INFORMATION SUPPLIED
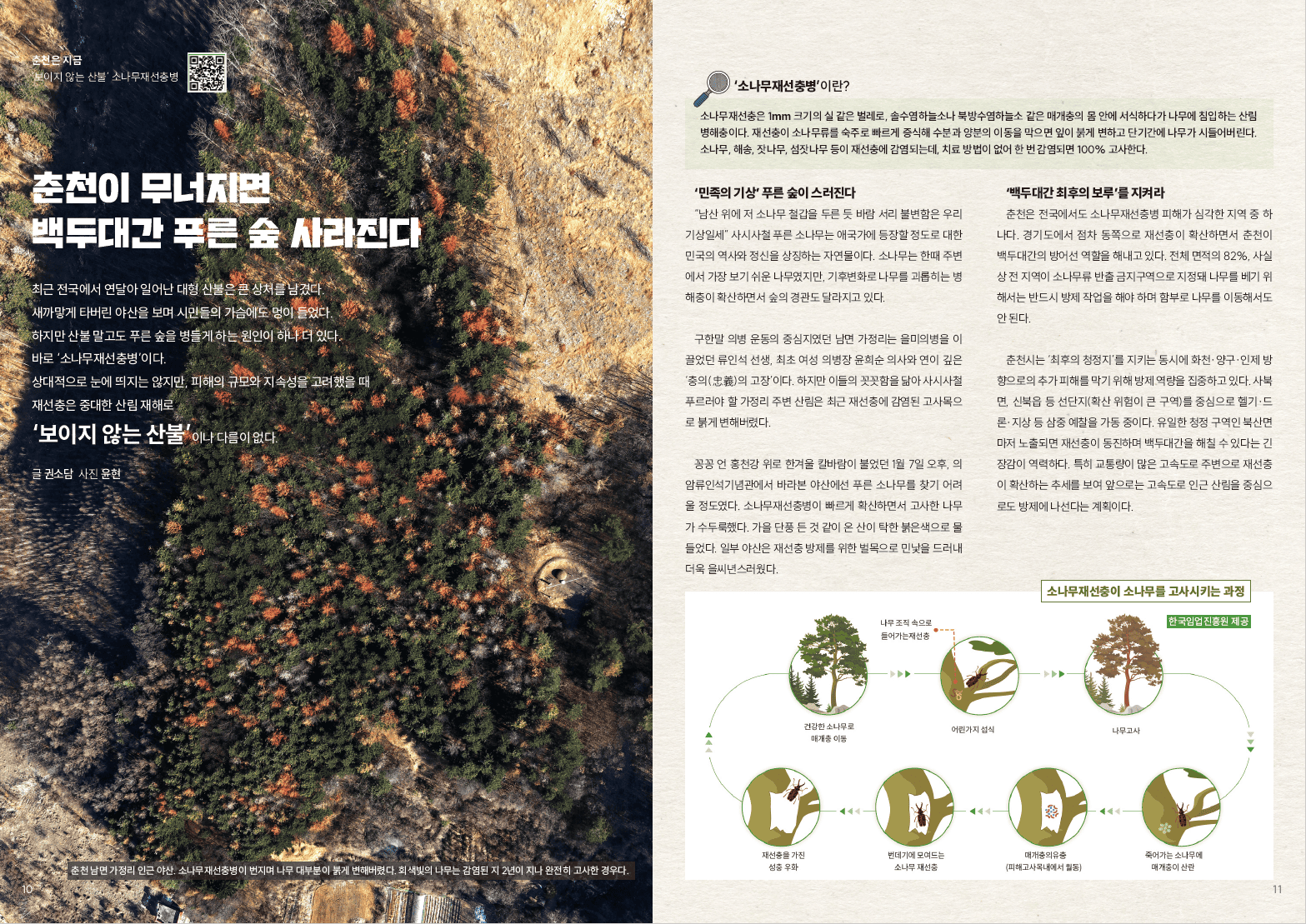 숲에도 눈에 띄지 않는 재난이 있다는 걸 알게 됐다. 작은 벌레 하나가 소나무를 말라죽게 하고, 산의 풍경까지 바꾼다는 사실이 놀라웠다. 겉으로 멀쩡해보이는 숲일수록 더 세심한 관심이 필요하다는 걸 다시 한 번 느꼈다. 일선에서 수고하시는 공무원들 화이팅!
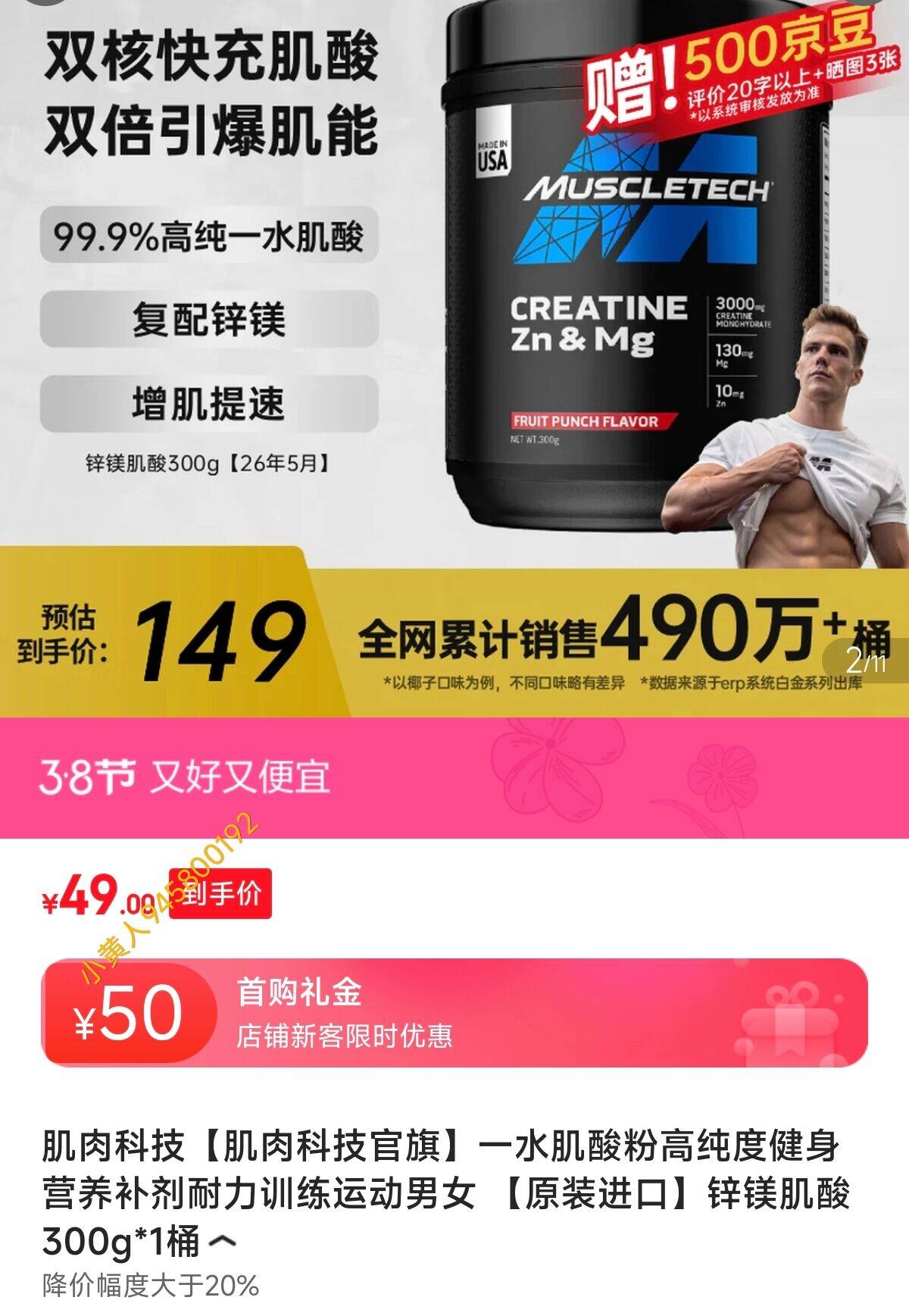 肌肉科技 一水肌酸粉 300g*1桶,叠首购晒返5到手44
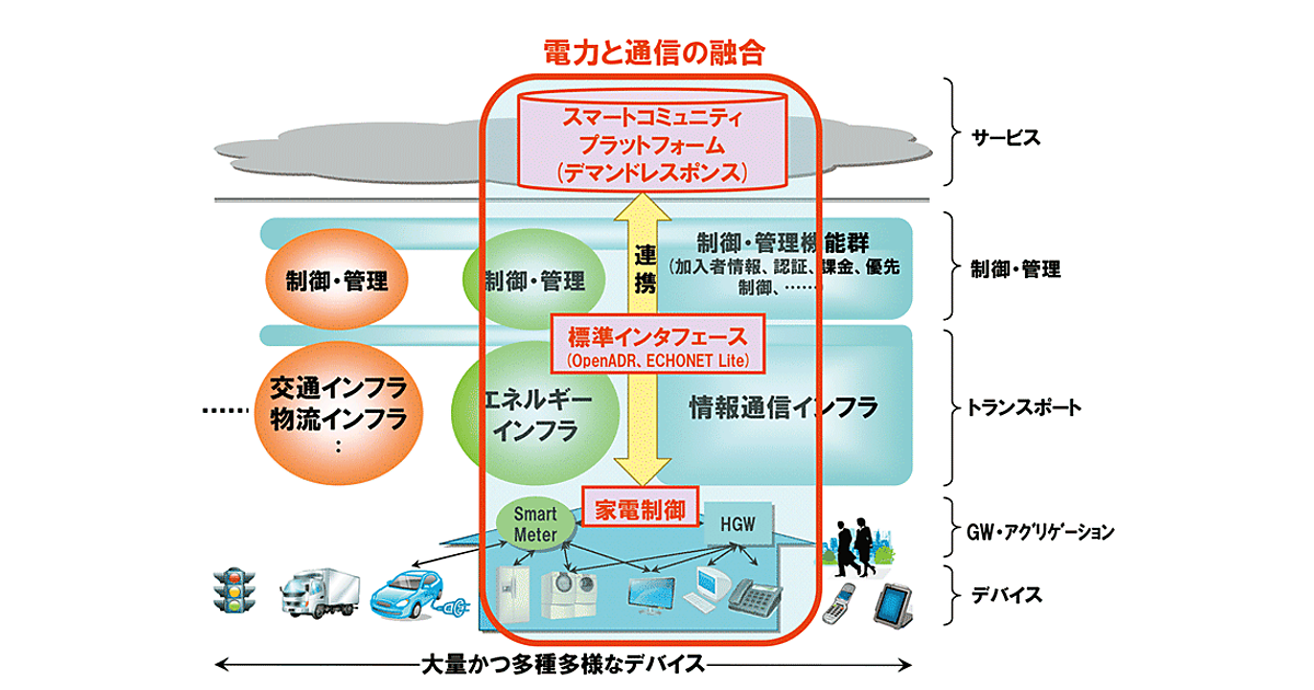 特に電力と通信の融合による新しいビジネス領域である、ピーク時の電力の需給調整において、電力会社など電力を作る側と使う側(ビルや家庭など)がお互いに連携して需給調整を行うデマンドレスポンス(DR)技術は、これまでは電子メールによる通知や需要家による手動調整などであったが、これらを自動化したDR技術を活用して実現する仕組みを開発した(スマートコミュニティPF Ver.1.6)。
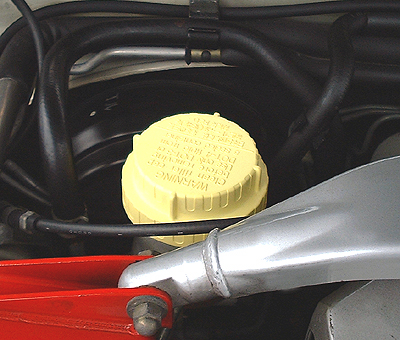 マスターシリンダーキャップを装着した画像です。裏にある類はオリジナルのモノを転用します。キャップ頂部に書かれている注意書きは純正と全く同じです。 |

EXERCISE DETAILS
Everything in the data must be printed verbatim except the pictures.

TASK RESPONSE
 숲에도 눈에 띄지 않는 재난이 있다는 걸 알게 됐다. 작은 벌레 하나가 소나무를 말라죽게 하고, 산의 풍경까지 바꾼다는 사실이 놀라웠다. 겉으로 멀쩡해보이는 숲일수록 더 세심한 관심이 필요하다는 걸 다시 한 번 느꼈다. 일선에서 수고하시는 공무원들 화이팅!
 肌肉科技 一水肌酸粉 300g*1桶,叠首购晒返5到手44
 特に電力と通信の融合による新しいビジネス領域である、ピーク時の電力の需給調整において、電力会社など電力を作る側と使う側(ビルや家庭など)がお互いに連携して需給調整を行うデマンドレスポンス(DR)技術は、これまでは電子メールによる通知や需要家による手動調整などであったが、これらを自動化したDR技術を活用して実現する仕組みを開発した(スマートコミュニティPF Ver.1.6)。
 マスターシリンダーキャップを装着した画像です。裏にある類はオリジナルのモノを転用します。キャップ頂部に書かれている注意書きは純正と全く同じです。 |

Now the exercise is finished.